***** Material supplied *****
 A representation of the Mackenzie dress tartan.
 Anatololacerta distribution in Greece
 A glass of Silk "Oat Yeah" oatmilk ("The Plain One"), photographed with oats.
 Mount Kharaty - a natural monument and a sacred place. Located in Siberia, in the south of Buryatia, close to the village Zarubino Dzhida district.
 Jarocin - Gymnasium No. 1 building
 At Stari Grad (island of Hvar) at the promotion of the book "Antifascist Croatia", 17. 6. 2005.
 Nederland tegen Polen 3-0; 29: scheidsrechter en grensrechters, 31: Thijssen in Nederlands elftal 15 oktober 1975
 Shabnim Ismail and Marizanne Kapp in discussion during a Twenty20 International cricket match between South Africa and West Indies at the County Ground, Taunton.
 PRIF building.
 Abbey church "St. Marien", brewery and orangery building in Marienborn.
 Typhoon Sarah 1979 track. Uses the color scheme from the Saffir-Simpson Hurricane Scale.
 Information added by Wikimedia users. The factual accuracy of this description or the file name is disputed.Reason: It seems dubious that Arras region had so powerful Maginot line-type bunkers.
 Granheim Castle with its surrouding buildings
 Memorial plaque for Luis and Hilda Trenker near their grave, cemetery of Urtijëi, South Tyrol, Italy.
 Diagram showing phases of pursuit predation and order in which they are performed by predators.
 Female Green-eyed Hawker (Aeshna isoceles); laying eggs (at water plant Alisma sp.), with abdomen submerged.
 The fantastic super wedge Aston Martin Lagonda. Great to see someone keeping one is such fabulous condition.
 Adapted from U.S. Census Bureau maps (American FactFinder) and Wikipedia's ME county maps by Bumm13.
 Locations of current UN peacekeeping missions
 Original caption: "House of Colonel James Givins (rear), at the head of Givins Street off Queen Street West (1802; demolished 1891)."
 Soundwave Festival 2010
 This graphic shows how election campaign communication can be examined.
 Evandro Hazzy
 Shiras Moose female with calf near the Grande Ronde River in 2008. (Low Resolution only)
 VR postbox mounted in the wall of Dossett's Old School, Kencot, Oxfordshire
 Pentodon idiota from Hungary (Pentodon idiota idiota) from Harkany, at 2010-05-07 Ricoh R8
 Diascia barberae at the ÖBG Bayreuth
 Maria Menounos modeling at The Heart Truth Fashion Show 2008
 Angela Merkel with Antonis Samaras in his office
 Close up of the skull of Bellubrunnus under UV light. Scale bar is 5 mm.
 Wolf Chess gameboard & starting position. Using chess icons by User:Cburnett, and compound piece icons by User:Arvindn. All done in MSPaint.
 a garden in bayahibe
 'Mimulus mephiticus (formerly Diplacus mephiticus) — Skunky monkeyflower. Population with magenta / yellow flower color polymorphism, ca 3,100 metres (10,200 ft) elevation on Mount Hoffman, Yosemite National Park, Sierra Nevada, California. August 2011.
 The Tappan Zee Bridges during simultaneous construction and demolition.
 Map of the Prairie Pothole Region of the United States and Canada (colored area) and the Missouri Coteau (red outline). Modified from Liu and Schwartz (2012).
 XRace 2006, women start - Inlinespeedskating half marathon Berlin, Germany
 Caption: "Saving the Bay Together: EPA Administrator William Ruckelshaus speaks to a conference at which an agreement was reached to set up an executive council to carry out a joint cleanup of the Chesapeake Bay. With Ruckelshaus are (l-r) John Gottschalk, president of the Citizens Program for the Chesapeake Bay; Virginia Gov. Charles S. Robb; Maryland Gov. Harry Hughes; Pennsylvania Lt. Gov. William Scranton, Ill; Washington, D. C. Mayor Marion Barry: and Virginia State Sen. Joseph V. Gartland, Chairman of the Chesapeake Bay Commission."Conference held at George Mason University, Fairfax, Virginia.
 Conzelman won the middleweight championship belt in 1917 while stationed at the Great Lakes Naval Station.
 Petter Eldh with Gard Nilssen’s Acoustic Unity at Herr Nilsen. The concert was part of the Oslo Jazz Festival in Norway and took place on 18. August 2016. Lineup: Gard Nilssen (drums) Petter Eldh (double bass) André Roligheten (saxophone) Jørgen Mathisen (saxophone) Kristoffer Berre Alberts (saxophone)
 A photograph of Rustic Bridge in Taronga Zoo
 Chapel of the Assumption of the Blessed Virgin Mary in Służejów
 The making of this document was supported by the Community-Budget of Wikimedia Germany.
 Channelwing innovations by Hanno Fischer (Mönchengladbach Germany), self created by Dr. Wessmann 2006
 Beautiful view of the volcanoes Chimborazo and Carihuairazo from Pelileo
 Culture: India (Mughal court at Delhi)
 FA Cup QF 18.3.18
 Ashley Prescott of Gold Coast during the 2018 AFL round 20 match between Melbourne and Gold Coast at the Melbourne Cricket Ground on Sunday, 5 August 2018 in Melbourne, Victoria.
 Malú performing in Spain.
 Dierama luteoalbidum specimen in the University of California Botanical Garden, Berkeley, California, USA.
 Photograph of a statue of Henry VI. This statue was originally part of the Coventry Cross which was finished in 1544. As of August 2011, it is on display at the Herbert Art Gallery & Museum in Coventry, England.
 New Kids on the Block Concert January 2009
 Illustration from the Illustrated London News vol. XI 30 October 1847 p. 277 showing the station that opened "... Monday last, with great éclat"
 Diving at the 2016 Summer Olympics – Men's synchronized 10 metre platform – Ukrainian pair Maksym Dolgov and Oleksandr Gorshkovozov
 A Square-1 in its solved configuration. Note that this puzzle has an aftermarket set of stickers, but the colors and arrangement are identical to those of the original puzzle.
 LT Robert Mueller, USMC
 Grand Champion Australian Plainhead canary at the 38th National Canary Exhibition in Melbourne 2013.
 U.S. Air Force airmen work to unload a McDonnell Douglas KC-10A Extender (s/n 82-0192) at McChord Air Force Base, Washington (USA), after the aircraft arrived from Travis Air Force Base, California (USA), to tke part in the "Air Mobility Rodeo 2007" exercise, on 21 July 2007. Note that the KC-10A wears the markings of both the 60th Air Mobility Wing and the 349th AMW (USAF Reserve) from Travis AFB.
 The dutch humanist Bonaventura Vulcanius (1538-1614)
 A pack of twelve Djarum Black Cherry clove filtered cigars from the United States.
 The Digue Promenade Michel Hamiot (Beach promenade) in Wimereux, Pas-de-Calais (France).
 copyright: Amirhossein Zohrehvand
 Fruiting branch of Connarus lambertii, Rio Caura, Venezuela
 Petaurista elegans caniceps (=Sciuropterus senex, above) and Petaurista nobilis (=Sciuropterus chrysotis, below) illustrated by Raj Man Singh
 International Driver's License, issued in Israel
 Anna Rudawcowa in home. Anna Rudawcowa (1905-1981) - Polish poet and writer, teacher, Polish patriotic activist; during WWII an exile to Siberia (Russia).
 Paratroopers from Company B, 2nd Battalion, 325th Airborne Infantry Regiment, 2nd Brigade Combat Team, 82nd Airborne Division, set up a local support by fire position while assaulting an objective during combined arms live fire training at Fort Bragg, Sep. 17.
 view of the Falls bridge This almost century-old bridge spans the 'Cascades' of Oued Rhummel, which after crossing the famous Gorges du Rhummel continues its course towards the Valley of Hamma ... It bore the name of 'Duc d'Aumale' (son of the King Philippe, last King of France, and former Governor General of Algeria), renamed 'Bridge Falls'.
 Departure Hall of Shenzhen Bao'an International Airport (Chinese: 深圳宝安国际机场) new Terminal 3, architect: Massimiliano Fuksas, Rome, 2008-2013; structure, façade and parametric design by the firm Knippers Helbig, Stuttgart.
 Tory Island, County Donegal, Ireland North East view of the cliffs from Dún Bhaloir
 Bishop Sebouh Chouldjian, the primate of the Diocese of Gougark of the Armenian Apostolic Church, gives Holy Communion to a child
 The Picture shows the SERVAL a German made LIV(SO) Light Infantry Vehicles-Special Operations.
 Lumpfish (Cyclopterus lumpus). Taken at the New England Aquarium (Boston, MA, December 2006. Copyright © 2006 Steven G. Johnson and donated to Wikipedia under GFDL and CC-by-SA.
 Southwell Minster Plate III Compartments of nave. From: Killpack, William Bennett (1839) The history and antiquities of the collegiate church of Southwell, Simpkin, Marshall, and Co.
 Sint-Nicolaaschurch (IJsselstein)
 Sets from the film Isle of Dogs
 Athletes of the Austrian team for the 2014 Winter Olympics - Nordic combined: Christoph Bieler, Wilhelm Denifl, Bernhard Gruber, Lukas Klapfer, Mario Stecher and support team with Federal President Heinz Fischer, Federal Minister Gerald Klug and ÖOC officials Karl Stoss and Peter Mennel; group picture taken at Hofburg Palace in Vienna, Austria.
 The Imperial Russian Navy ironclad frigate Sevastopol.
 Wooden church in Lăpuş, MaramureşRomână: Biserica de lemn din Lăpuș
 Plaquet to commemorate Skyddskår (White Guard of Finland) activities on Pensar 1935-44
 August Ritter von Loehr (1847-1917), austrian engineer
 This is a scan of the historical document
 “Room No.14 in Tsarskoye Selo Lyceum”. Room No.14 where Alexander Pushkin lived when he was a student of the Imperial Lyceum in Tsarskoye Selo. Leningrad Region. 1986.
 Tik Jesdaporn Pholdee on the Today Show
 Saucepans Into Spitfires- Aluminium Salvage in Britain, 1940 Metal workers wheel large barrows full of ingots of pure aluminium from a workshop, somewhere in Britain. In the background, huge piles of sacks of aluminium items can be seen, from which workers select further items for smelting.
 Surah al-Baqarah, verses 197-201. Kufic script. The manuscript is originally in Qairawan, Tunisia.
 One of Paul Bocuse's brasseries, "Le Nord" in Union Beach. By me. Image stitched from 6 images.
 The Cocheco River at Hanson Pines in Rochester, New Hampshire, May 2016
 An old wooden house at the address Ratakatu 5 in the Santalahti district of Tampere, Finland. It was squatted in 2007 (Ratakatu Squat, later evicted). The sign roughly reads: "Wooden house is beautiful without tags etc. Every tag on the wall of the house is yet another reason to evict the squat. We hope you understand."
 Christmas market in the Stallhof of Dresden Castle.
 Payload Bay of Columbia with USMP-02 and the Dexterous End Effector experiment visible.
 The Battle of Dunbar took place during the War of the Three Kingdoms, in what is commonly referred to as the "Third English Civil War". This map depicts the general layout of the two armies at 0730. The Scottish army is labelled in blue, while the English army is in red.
*****
The expected answer is an exact copy of the lines above, beginning at the line with "VR postbox mounted" and ending at the line with "XRace 2006, women", with both ends in.

 VR postbox mounted in the wall of Dossett's Old School, Kencot, Oxfordshire
 Pentodon idiota from Hungary (Pentodon idiota idiota) from Harkany, at 2010-05-07 Ricoh R8
 Diascia barberae at the ÖBG Bayreuth
 Maria Menounos modeling at The Heart Truth Fashion Show 2008
 Angela Merkel with Antonis Samaras in his office
 Close up of the skull of Bellubrunnus under UV light. Scale bar is 5 mm.
 Wolf Chess gameboard & starting position. Using chess icons by User:Cburnett, and compound piece icons by User:Arvindn. All done in MSPaint.
 a garden in bayahibe
 'Mimulus mephiticus (formerly Diplacus mephiticus) — Skunky monkeyflower. Population with magenta / yellow flower color polymorphism, ca 3,100 metres (10,200 ft) elevation on Mount Hoffman, Yosemite National Park, Sierra Nevada, California. August 2011.
 The Tappan Zee Bridges during simultaneous construction and demolition.
 Map of the Prairie Pothole Region of the United States and Canada (colored area) and the Missouri Coteau (red outline). Modified from Liu and Schwartz (2012).
 XRace 2006, women start - Inlinespeedskating half marathon Berlin, Germany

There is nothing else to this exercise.